This is the kind of positive result that might have been achieved from
the "challenge" that IED launched a while back. Love-Hounds COULD
have been providing specific examples of truly subtle or complex
musical passages, themes, etc. in their favourite albums, instead
of taking the challenge as a hostile expression deserving only
ridicule. At this point, IED thinks it's time to withdraw that
challenge, and maybe he'll replace it with another one later on,
when this forum sinks back into the doldrums it was in a month ago.
 
>Subject: Kate, Eno, and consistency.
>From: Michael Knight
>Doug,
>
>Sorry if it's been a while. I've only just started poring through the
>raft of stuff which accumulated in my reader over the weekend. I thought
>IED was probably only referring to The Dreaming and Hounds of Love.  It
>just seemed to me that if he could just discard three out of her 5 albums
>then everyone else ought to be able to toss out half the albums their
>favorite artists have produced when responding to his challenge.
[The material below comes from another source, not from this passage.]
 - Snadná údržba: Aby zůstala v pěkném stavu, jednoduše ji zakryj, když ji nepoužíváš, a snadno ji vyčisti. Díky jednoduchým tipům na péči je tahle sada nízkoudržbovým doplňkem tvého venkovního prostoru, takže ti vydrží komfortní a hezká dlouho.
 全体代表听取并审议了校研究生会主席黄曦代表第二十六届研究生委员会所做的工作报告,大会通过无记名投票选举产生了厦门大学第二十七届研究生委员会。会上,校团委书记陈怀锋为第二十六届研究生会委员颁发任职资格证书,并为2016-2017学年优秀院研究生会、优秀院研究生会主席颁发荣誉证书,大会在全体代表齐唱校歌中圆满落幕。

Sorry
>if I dragged you into this.  I admit everything that she has had total
>control over has been excellent (or better!).  Mayhaps the challenge
>should be re-phrased to concern only albums that a particular artist
>had total control over. I think everyone is tired of this subject any-
>way. I know I am.
>
>-- Mike Knight
>'I've let the weirdness in.'
 
Though IED was not the addressee of the above, he'd
still like to express his approval.
 
>Up to a debate IED?
>
>-- John White
 
No, since IED can see what you mean, and even agrees with you
in one or two respects. Personally, he doesn't much like the
actual musical content of Quadrophenia, but he concedes that it has
alot of interesting permutations of theme and even of production.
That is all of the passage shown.